What are all the risk factor categories?
TipRanks has identified 6 major categories of risk factors and a number of subcategories for each. You can see how these categories are broken down in the list below.
1. Financial & Corporate
Accounting & Financial Operations - risks related to accounting loss, value of intangible assets, financial statements, value of intangible assets, financial reporting, estimates, guidance, company profitability, dividends, fluctuating results.
Share Price & Shareholder Rights – risks related to things that impact share prices and the rights of shareholders, including analyst ratings, major shareholder activity, trade volatility, liquidity of shares, anti-takeover provisions, international listing, dual listing.
Debt & Financing – risks related to debt, funding, financing and interest rates, financial investments.
Corporate Activity and Growth – risks related to restructuring, M&As, joint ventures, execution of corporate strategy, strategic alliances.
2. Legal & Regulatory
Litigation and Legal Liabilities – risks related to litigation/ lawsuits against the company.
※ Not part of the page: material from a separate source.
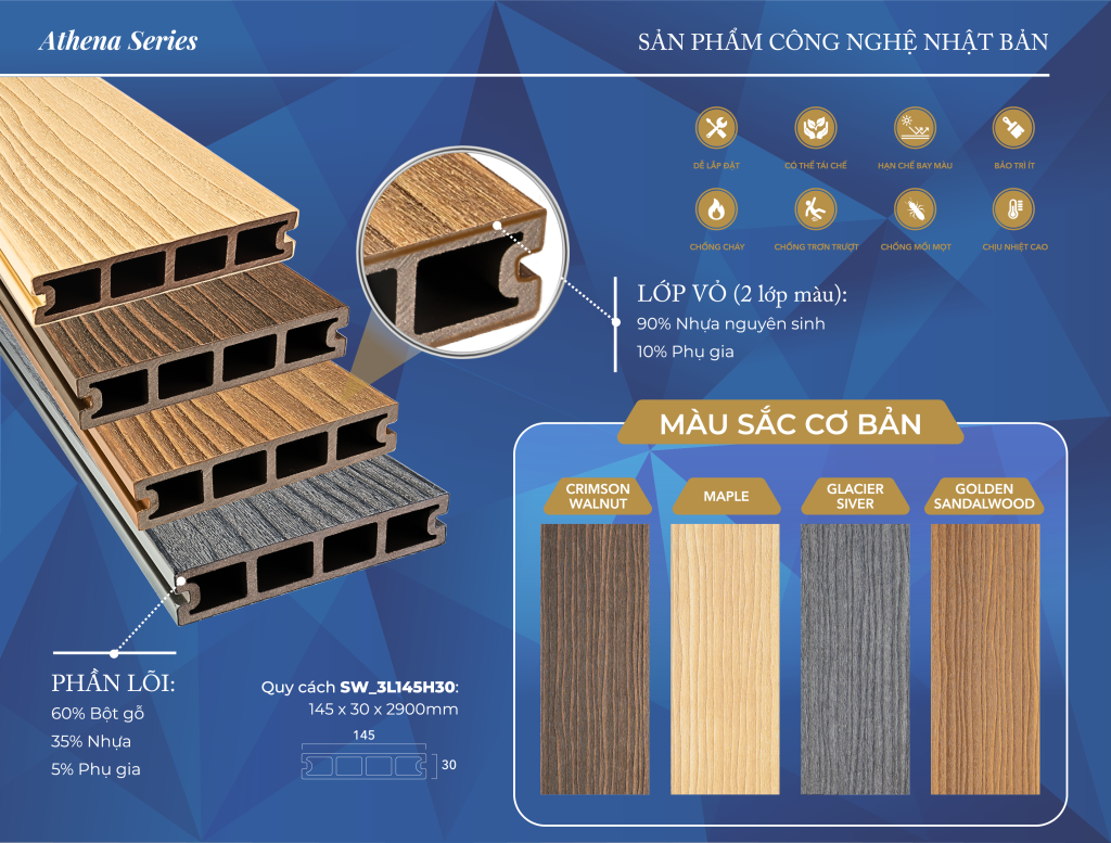 Sàn gỗ nhựa 3 lớp Athena là dòng vật liệu ngoại thất cao cấp thuộc nhóm WPC (Wood Plastic Composite) thế hệ mới. Với cấu tạo nhiều lớp và công nghệ ép đùn tiên tiến, sản phẩm mang đến độ bền vượt trội, khả năng kháng nước tuyệt đối và tính ổn định cao hơn so với gỗ nhựa truyền thống.

Regulation – risks related to compliance, GDPR, and new legislation.
Environmental / Social – risks related to environmental regulation and to data privacy.
Taxation & Government Incentives – risks related to taxation and changes in government incentives.
3. Production
Costs – risks related to costs of production including commodity prices, future contracts, inventory.
Supply Chain – risks related to the company’s suppliers.
Manufacturing – risks related to the company’s manufacturing process including product quality and product recalls.
Human Capital – risks related to recruitment, training and retention of key employees, employee relationships & unions labor disputes, pension, and post retirement benefits, medical, health and welfare benefits, employee misconduct, employee litigation.
4. Technology & Innovation
Innovation / R&D – risks related to innovation and new product development.
Technology – risks related to the company’s reliance on technology.
Cyber Security – risks related to securing the company’s digital assets and from cyber attacks.
Trade Secrets & Patents – risks related to the company’s ability to protect its intellectual property and to infringement claims against the company as well as piracy and unlicensed copying.
5. Ability to Sell
Demand – risks related to the demand of the company’s goods and services including seasonality, reliance on key customers.
Competition – risks related to the company’s competition including substitutes.
Sales & Marketing – risks related to sales, marketing, and distribution channels, pricing, and market penetration.
Brand & Reputation – risks related to the company’s brand and reputation.
6. Macro & Political
Economy & Political Environment – risks related to changes in economic and political conditions.
Natural and Human Disruptions – risks related to catastrophes, floods, storms, terror, earthquakes, coronavirus pandemic/COVID-19.
International Operations – risks related to the global nature of the company.
Capital Markets – risks related to exchange rates and trade, cryptocurrency.